══ Input data
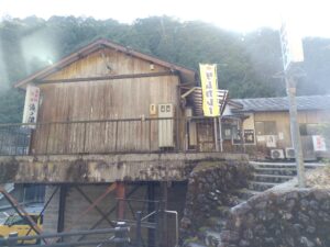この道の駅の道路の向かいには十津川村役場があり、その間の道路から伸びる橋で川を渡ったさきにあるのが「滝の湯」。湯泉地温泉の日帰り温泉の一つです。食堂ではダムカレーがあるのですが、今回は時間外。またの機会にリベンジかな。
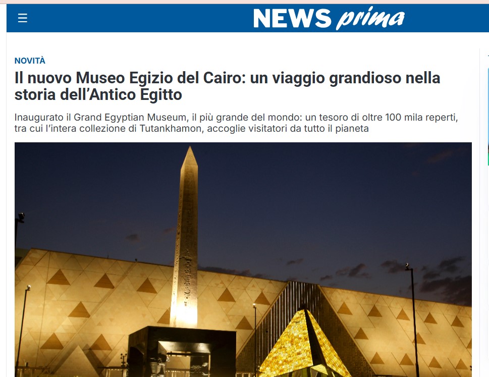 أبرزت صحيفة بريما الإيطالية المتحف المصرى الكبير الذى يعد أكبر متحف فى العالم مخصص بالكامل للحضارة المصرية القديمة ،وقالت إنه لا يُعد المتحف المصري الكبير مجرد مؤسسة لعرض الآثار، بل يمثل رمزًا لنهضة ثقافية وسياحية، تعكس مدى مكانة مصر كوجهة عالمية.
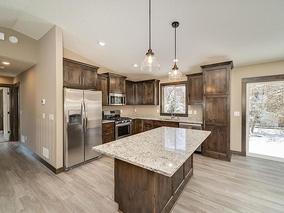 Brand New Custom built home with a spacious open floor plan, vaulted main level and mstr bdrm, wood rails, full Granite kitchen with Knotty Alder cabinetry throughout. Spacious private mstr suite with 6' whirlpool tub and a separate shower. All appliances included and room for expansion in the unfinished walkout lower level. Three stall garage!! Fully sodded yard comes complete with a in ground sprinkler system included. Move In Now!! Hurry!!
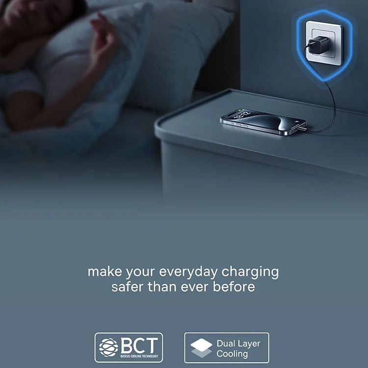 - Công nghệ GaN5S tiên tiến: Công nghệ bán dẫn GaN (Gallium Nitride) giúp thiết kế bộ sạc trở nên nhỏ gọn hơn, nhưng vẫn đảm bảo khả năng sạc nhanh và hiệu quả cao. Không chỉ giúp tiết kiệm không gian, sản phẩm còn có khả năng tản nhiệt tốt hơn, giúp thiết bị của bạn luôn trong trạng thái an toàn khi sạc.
════
#### [Goal of the exercise]
Beginning with the first line of the material above, please output each line exactly through the line that contains "أبرزت صحيفة بريما", and only those, leaving out pictures.

#### [Exercise solution]
この道の駅の道路の向かいには十津川村役場があり、その間の道路から伸びる橋で川を渡ったさきにあるのが「滝の湯」。湯泉地温泉の日帰り温泉の一つです。食堂ではダムカレーがあるのですが、今回は時間外。またの機会にリベンジかな。
 أبرزت صحيفة بريما الإيطالية المتحف المصرى الكبير الذى يعد أكبر متحف فى العالم مخصص بالكامل للحضارة المصرية القديمة ،وقالت إنه لا يُعد المتحف المصري الكبير مجرد مؤسسة لعرض الآثار، بل يمثل رمزًا لنهضة ثقافية وسياحية، تعكس مدى مكانة مصر كوجهة عالمية.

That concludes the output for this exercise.